How Much Does March Madness Affect A School's Bottom Line?
The NCAA basketball tournament is largely one of the most watched television events in the sporting landscape. 64 games, 65 teams, and the drama of nailbiters and upsets makes the tourney riveting television. However, while the tournament has proven to be lucrative for the NCAA as a whole, netting a six billion dollar multimedia package for the schools, how much does the tournament, and, in specific, getting to the big dance, mean for an individual school or conference in the college landscape?
Initially, a $30 million dollar payout from the proceeds of the package will be given out, but only to the members of 1-A conferences, 119 of the over 300 D-I colleges in basketball, and , arguably, the most lucrative product available. Reports claim, however, that those 119 schools account for an estimated 4 billion in revenues in the college realm - meaning the payout is equivalent to 0.75% of the revenues brought in by 1-A schools.
In larger conferences, such as the SEC, the rewards for success in the tournament, and in general, are still minute. Florida, who is going to be in a national semifinal game this weekend, will get around a $1 million payout from the SEC as a result of it's success, but even that is less than 1.5% of the budget for the school's athletics. Often times, as one AD notes, these payouts are enough to "help with expenses as we advance, but it's just that: expense money, a tiny slice."

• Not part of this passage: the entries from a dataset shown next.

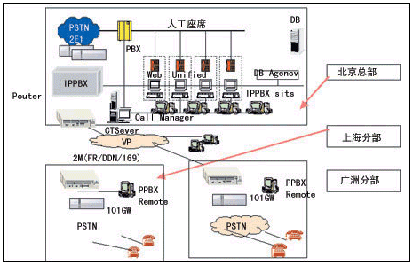 分布式呼叫中心一般由總中心和分中心組成,它們之間可以是對(duì)等關(guān)系或隸屬關(guān)系,各中心分布于不同的地理位置,在運(yùn)作時(shí)間、資源、功能上互相協(xié)作,為用戶(hù)提供最大限度的服務(wù)。分布式呼叫中心在功能上的突出需求為:用戶(hù)打入的電話(huà)可以在各分呼叫中心之間轉(zhuǎn)接,即實(shí)現(xiàn)網(wǎng)絡(luò)ACD;不論用戶(hù)資料存放于何地理位置的數(shù)據(jù)庫(kù),它都應(yīng)能在電話(huà)被派到話(huà)務(wù)員座席時(shí),在來(lái)電信息中彈出,即實(shí)現(xiàn)遠(yuǎn)程數(shù)據(jù)訪問(wèn);具有響應(yīng)IP電話(huà)的能力,以處理通過(guò)IP網(wǎng)絡(luò)傳送過(guò)來(lái)的異地用戶(hù)呼叫或Web呼叫;呼叫排隊(duì)模塊應(yīng)具有較強(qiáng)的路由能力,以使異地用戶(hù)能直接被最適合的話(huà)務(wù)員接聽(tīng)。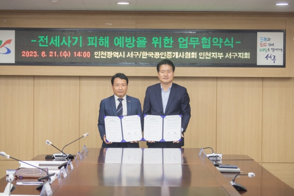 서구 관계자는 “최근 전국적으로 늘어나는 전세 사기와 관련 주민들의 주거 안정에 대한 불안을 줄이고 나아가 투명한 부동산 거래 질서 확립 등을 위해 이번 협약을 체결한다”고 설명했다.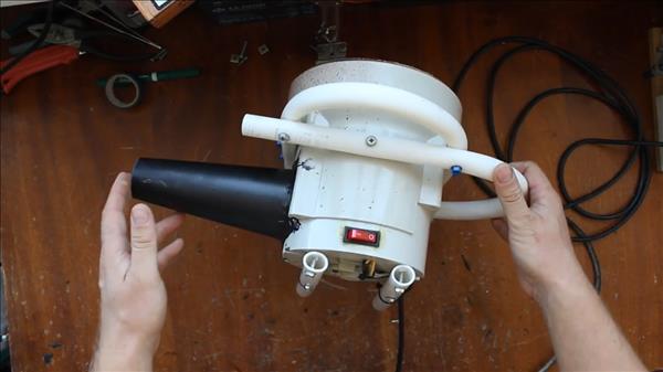 Les fils sortent vers le boîtier et le moteur est fixe. Ensuite, mettez des bandes élastiques et un boîtier pour vous protéger contre les dommages. À une extrémité, l'air est aspiré et à l'autre extrémité.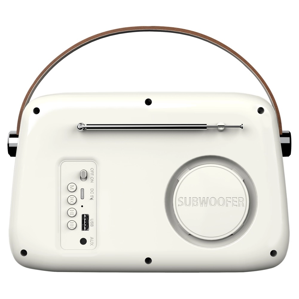 Geniet overal van je favoriete zenders en afspeellijsten. Deze lichte radio combineert tijdloos retrodesign met praktische functies: analoge FM-afstemming, betrouwbare Bluetooth 5.3 en veelzijdige AUX. De ingebouwde batterij zorgt voor tot 6 uur luisteren, eenvoudig op te laden via de moderne USB‑C-aansluiting.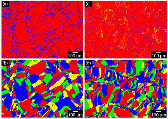 EBSD analysis for: (a,b) an unreinforced SLM 316L specimen synthesized at 688 mm/s and (c,d) a SLM 316L/CeO2 composite processed at 488 mm/s. The small yellow particles in (c) are CeO2.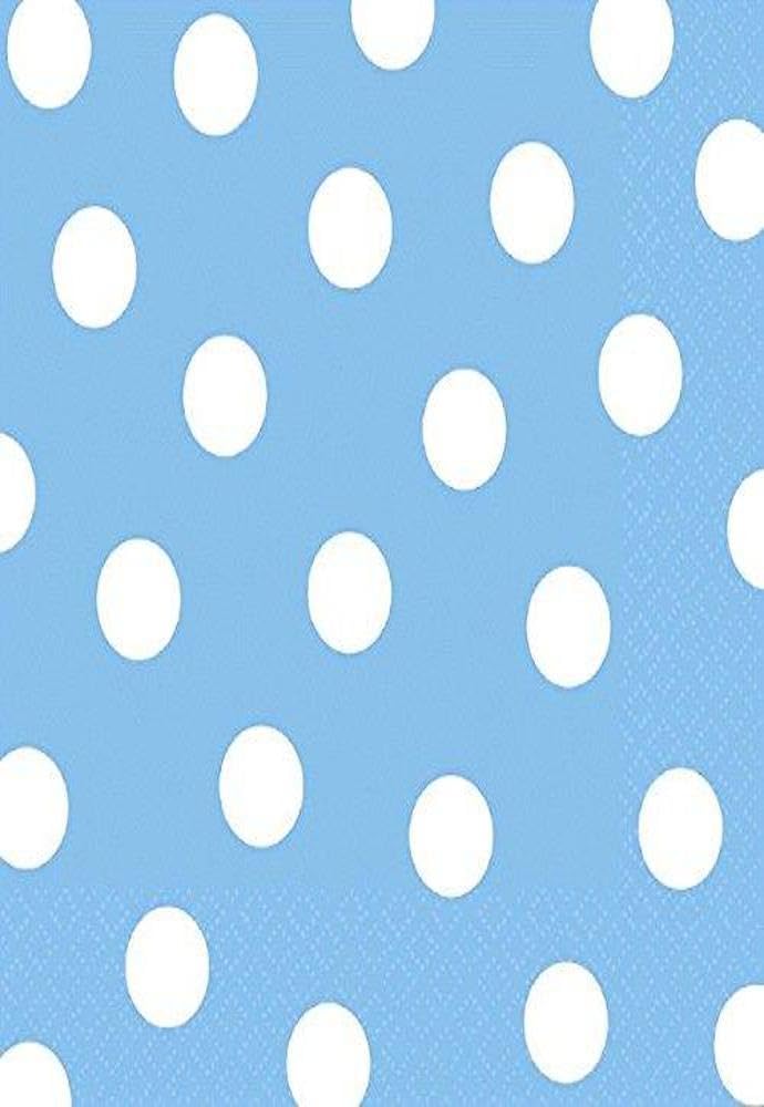 Add some design to the table with these Festive Pastel Blue Dots Luncheon Napkins! Our paper beverage napkins feature a blue and white polka dot pattern. Each measures 6.5" x 6.5". Includes 16 per package.

Funds from the tournament package itself account for 90% of the NCAA's own operating expenses, which entail a number of scholarship supplements for teams, as well as support for academics for student athletes. The "basketball fund" is what most of this money is put towards, however - an incentive based system that rewards teams for making and progressing through the tourney.
It's a simple system: A school gets a unit for each tourney game they play in. Progressing along nets schools additional units, which are then aggregated over a 6 year period and paid out from the fund. Each share, in the latest distribution, nets a school nearly $164,000. This spreads out over a 6-year payout period, meaning a share from the 2006 tourney will pay out in 2007, 08, 09, 10, 11, and 2012 - meaning that, essentially, a share is worth a million dollars to a school over its counting. This creates a situation where, at the end of a game, a school may have to deal with a "million-dollar free throw" - if it goes in, and a team moves on, it nets a program another million dollars.
This system of subsidization for teams seems to be a good incentive, but has raised a lot of ire, particularly among teams beyond the I-A conferences. Schools from conferences where, likely, the only tourney team is the automatic bid for winning the league tourney feel that the incentive program shuts out smaller conferences and rewards those conferences who, due mainly to larger exposure, get more teams into the tourney, netting their teams more funds for expenses. Additionally, some teams gripe that their subsidies are not enough to even cover the expenses, as noted above by one AD, for getting to the tourney, which can give some schools in smaller conferences less of an incentive in going to tourney games, as they may end up losing money over the near-term, costing their programs precious funds. A lot of debate also rages about the prospect of the aforementioned "million dollar free throw" scenario - should this be how a school makes or loses money in the tourney?
The main question is this: should the NCAA devise a better subsidy system for teams in the NCAA tourney? Should conferences be given money, and not the teams themselves? And, should the subsidies be increased to ensure teams can cover their expenses?